現代において昔の人たちが楽しんだ味わいを再現するのは難しいのかもしれない。とはいえ、「ようわからんなー」というのが本音である。
ベースを「ジムビームライ」で味わっていたら、ライ麦つながりで「ようわからん」ひとつの小説を思い出した。
アメリカの“青春小説の名作”と紋切り型で片付けていいのかどうかわからないが、いまでも人気の高い『The Catcher in the Rye(ライ麦畑でつかまえて)』である。
ジェローム・デイヴィッド・サリンジャー(1919−2010)が上梓したのは1951年。
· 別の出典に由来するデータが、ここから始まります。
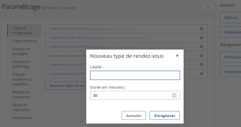 Les types de rendez-vous permettent de proposer des créneaux de durées différentes en fonction de l’objet du rendez-vous. Ils sont particulièrement utiles lorsque tous les rendez-vous ne nécessitent pas le même temps de traitement.

わたしが野崎孝訳でこの本をはじめて読んだのは1990年頃だった。すでに30歳を超えた読者であり、サリンジャー執筆時の年齢とほぼ同じくらいだった。
ウイスキーをはじめとした酒の文章を書く仕事から逃れられないことを自覚しはじめた頃で、ライ麦畑というタイトルならばライウイスキーに関することに多少なりとも触れているのではなかろうか、という単純な理由から手にしたのだった。わたしの場合、物語世界に浸るという読み方が当てはまらない場合がままある。そしてこのときは、名高い作品であるにも関わらず、まったく予備知識なんぞ持たないまま読みはじめたのである。
酒は作中にいくつも登場した。スコッチ&ソーダ、ラム&コーラ(キューバ・リバー)、トムコリンズ、バーボンの水割り、フローズン・ダイキリ。ところがライウイスキーの文字は見当たらなかった。
読みすすんでいくとフランシス・スコット・フィッツジェラルド(1896-1940)の代表作『グレート・ギャツビー』(1925発表)をフックとして話を導いている。
さらには、タイトルはスコットランドのロバート・バーンズ(1759−1796)の詞『ライ麦畑で出会えたら』のmeetをcatchに入れ替えたものだとわかった。バーンズのこの詞は日本では『故郷の空』と題して歌われ、他には『麦畑』、そしてオヤジ世代にはザ・ドリフターズが歌った『誰かさんと誰かさん』で馴染み深い。
ギャツビーにバーンズの詞。サリンジャーのこの小説は伏線がいっぱいあり過ぎて、なんだか「ようわからん」のであった。しかも、そもそもわたしが手にした意図がライウイスキー探しであったから、えらく醒めたこころで読んでしまったのだ。読後に、少年の社会体制や権威、訳知り顔の大人への嫌悪や反抗、と論評されているのを知っても、素直に頷けなかった。
たしかに論評の通りではあるが、いくらでも深読みできる罠がたくさん仕掛けられている。また詮索するのは読者の勝手であり、作者にしてみれば1940年代後半の自分の胸の内にあるものをひとりの若者の姿に変えて、興味をそそる物語として描き出しただけのことかもしれない。
そして「ウイスキー・カクテル」のグラスを傾けながら思うのだった。考案者にしてみれば、そのときにふさわしい味わいに仕上げただけのことである。
一杯のカクテルが、いろんな想いを巡らせてくれる。本を読むのと同じように、酒を味わうことは、とても楽しいものだ。